Comparison with entity swaps. Entity swap pairs have perfect token overlap (Jaccard = 1.0) and the highest cosine scores (0.987–0.993). Negation pairs have lower token overlap (0.756) and correspondingly lower (but still dangerously high) cosine scores. The correlation between token overlap and cosine similarity (Pearson r = 0.77–0.83 across models) is consistent with content tokens driving the similarity signal.
5.3 Implications for Alternative Pooling Strategies
Our analysis focuses on mean pooling because it is the default and most common aggregation strategy in production sentence embedding models. However, it is important to consider how alternative pooling strategies would interact with the token dilution mechanism.
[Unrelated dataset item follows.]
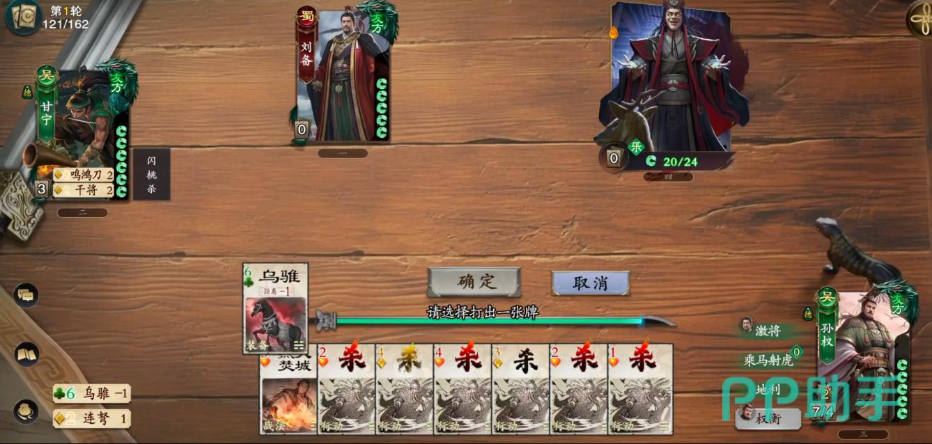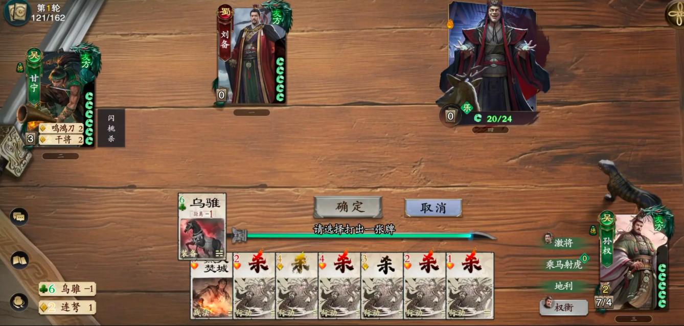 1号位通常选刘备,定位偏辅助和资源调度。对局初期刘备往往是负责把手头的关键资源,比如说黑桃牌交给队友,例如黑桃给甘宁,这样甘宁就可以快速启动。刘备的核心思路是先加快队友的节奏,再根据局势权衡是否保留牌来保护自己或者是补给后勤位的孙权。

[CLS] token pooling. Some models (including the original BERT configuration) use the [CLS] token representation as the sentence embedding rather than mean pooling. The [CLS] token attends to all other tokens via self-attention, so in principle it could learn to weight the negation token heavily. However, [CLS] pooling has its own failure mode: the representation is determined by a single token position that must encode the entire sentence meaning, and pre-training objectives (masked language modeling, next sentence prediction) do not explicitly train the [CLS] token to be sensitive to negation. Empirically, Reimers and Gurevych (2019) found that [CLS] pooling produces worse sentence representations than mean pooling for most similarity tasks. Without negation-specific training signals, [CLS] pooling is unlikely to solve negation blindness—it would merely relocate the failure from the pooling layer to the attention mechanism.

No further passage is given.